> [DATASET EXTRACT]
--- START ---
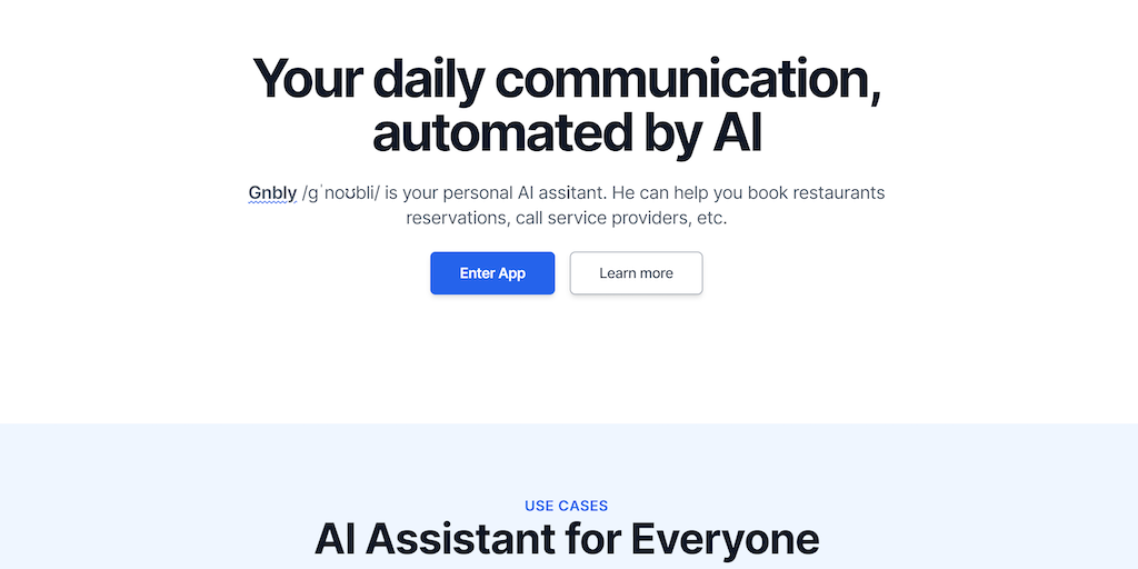 Gnbly - AI Assistant for Everyone. Automate your phone calls | Product Hunt
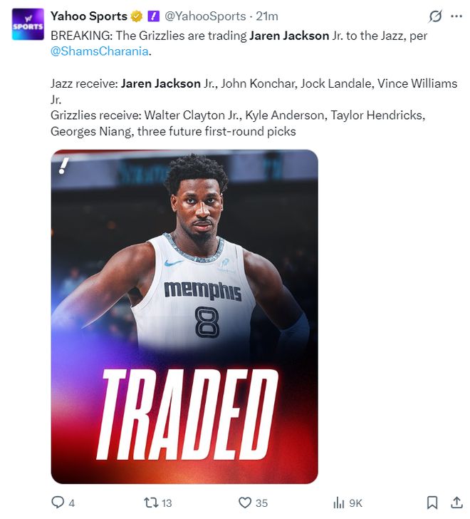 北京时间2月4日凌晨,根据ESPN记者Shams的报道,爵士队与灰熊队达成交易,小贾伦-杰克逊将被交易到爵士队换取三个首轮签。
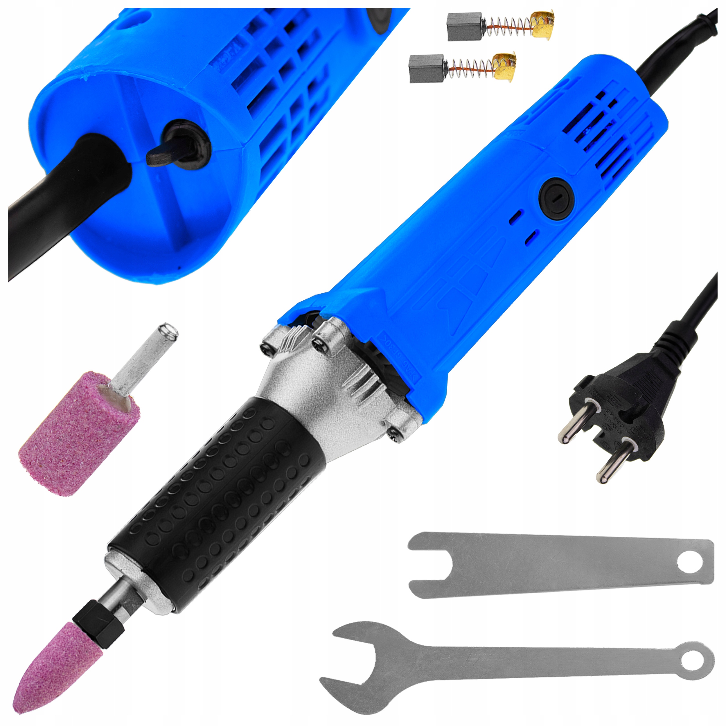 Штифтову шліфувальну машину також можна використовувати з іншими аксесуарами. з шліфувальними каменями, полірувальними дисками, дротяними щітками та спеціальними різцями з титановим покриттям.
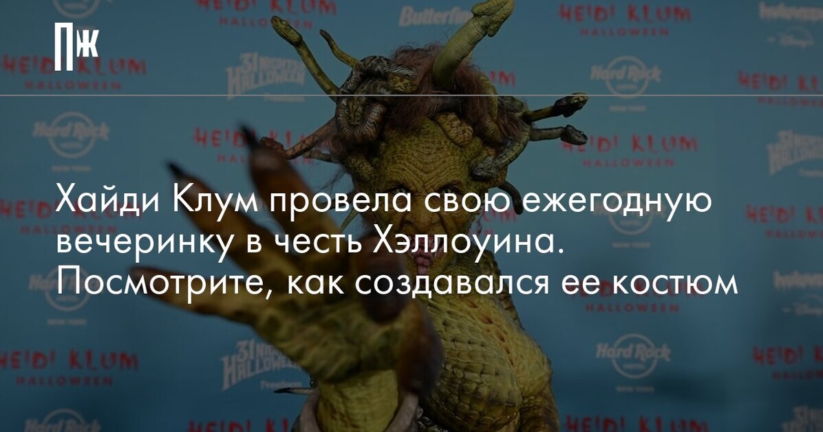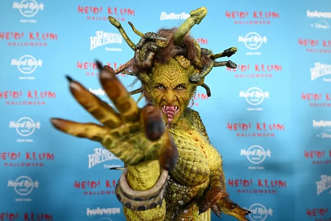 Хайди Клум провела свою 24-ю ежегодную вечеринку в честь Хэллоуина в Нью-Йорке. В этом году модель выбрала образ Медузы Горгоны, а ее муж Том Каулитц — костюм греческого воина, превратившегося под взглядом Медузы в камень.
--- END ---
> [WHAT YOU NEED TO DO]
Reproduce every line above exactly as written, omitting the images.

> [SOLUTION TO THE PROBLEM]
 Gnbly - AI Assistant for Everyone. Automate your phone calls | Product Hunt
 北京时间2月4日凌晨,根据ESPN记者Shams的报道,爵士队与灰熊队达成交易,小贾伦-杰克逊将被交易到爵士队换取三个首轮签。
 Штифтову шліфувальну машину також можна використовувати з іншими аксесуарами. з шліфувальними каменями, полірувальними дисками, дротяними щітками та спеціальними різцями з титановим покриттям.
 Хайди Клум провела свою 24-ю ежегодную вечеринку в честь Хэллоуина в Нью-Йорке. В этом году модель выбрала образ Медузы Горгоны, а ее муж Том Каулитц — костюм греческого воина, превратившегося под взглядом Медузы в камень.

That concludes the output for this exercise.